Insulin like growth factor is a normal chemical that our body makes. It is involved in the regulation of normal cell growth and death. Some studies have shown that men with a higher level of IGF-1 in the blood have a higher risk of prostate cancer. But other studies have not found this. So we need more research in order to find out whether IGF-1 influences the risk of prostate cancer.
Hormone levels may or may not play a part in the risk of developing prostate cancer. The prostate gland is a sex organ. It produces a liquid which is mixed with sperm to make semen. Testosterone is a sex hormone produced by the testicle and the prostate gland needs testosterone to work. It was thought in the past that having higher levels of testosterone in the blood may increase the risk of prostate cancer. But, in 2008 an analysis of 18 separate studies found no link between levels of sex hormones and prostate cancer risk.

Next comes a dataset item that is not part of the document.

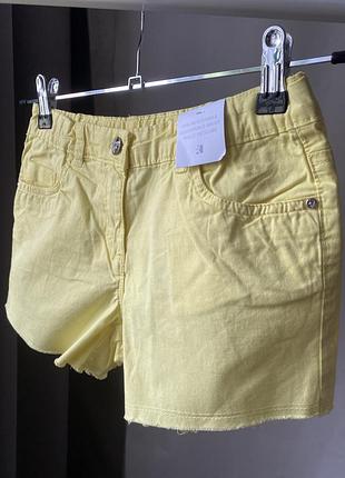 Яскраві джинсові шорти від IDEXE. Спереду і ззаду є кишені. Застібка - блискавка з ґудзиком. У поясі протягнута регулююча резинка. Склад тканини: 97% котон, 3% еластан Вік 9-10 роки, 140 см. Заміри: довжина - 26 см, посадка – 29 см, ширина по талії – 34 см (затягування)

CancerHelp UK has information about hormone therapies for prostate cancer.
Men who have had a vasectomy may have a slightly increased risk of prostate cancer although some studies have not shown an increase. Vasectomy is a procedure for male sterilisation and permanent birth control.
There is some evidence that taking aspirin regularly may reduce the risk of prostate cancer. Research has also looked at other non steroidal anti inflammatory drugs (NSAIDs), such as the painkiller ibuprofen (Nurofen or Brufen). Some studies have shown a reduced risk of prostate cancer in people taking these drugs. However, others studies have not and so overall the picture is unclear.
It is important to remember that doctors and scientists do not recommend taking aspirin or other NSAIDs regularly. These drugs can damage the lining of your stomach and cause bleeding. Don't take aspirin or other NSAIDs regularly without checking with your doctor first.